#### WHAT THIS TASK INVOLVES:
Your answer must be an exact copy of the data below, minus any pictures.

#### INPUT DATA:
::::

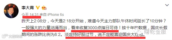 李大霄老师的独门绝技---“十看九不准”今天再次印证了自己的威力。要论看盘的功夫,笔者只服李大霄老师!真是“跟着大校走,跌破两千九”啊!
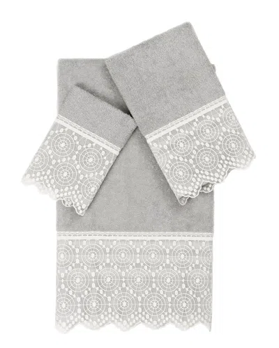 100% Turkish Cotton Arian 3pc Cream Lace Embellished Towel Set In Gray
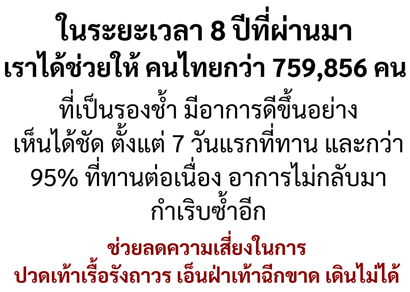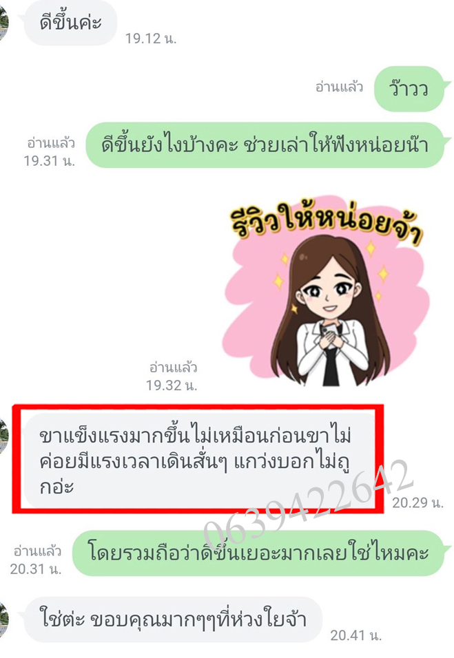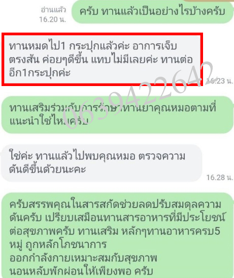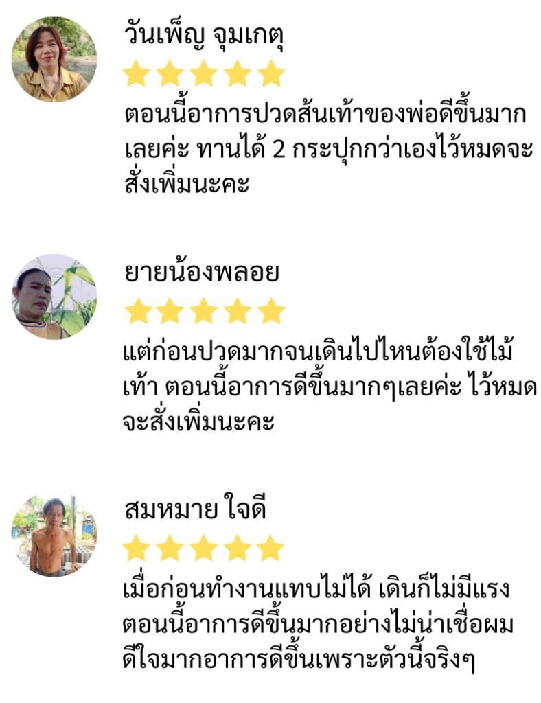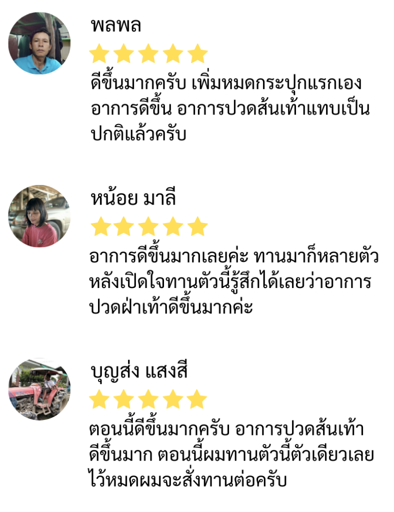 จนตอนนี้หมอไม่ได้ให้ยาแล้ว ป้ารู้สึกโชคดีมากที่เจอพี่ปา และยาตัวนี้ที่ทำให้ป้าหายจากรองช้ำ โดยไม่ต้องกินยาเป็นกำๆ ให้ตับ ไต พัง ต้องขอบคุณพี่ปาแกจริงๆ ทุกวันนี้ก็ไปมาหาสู่ เป็นผู้มีพระคุณคนหนึ่งในชีวิต รู้สึกว่าหลุดพ้นจากโรคเวรโรคกรรมนี้สักที

::::

#### THE COMPLETED TASK:
 李大霄老师的独门绝技---“十看九不准”今天再次印证了自己的威力。要论看盘的功夫,笔者只服李大霄老师!真是“跟着大校走,跌破两千九”啊!
 100% Turkish Cotton Arian 3pc Cream Lace Embellished Towel Set In Gray
 จนตอนนี้หมอไม่ได้ให้ยาแล้ว ป้ารู้สึกโชคดีมากที่เจอพี่ปา และยาตัวนี้ที่ทำให้ป้าหายจากรองช้ำ โดยไม่ต้องกินยาเป็นกำๆ ให้ตับ ไต พัง ต้องขอบคุณพี่ปาแกจริงๆ ทุกวันนี้ก็ไปมาหาสู่ เป็นผู้มีพระคุณคนหนึ่งในชีวิต รู้สึกว่าหลุดพ้นจากโรคเวรโรคกรรมนี้สักที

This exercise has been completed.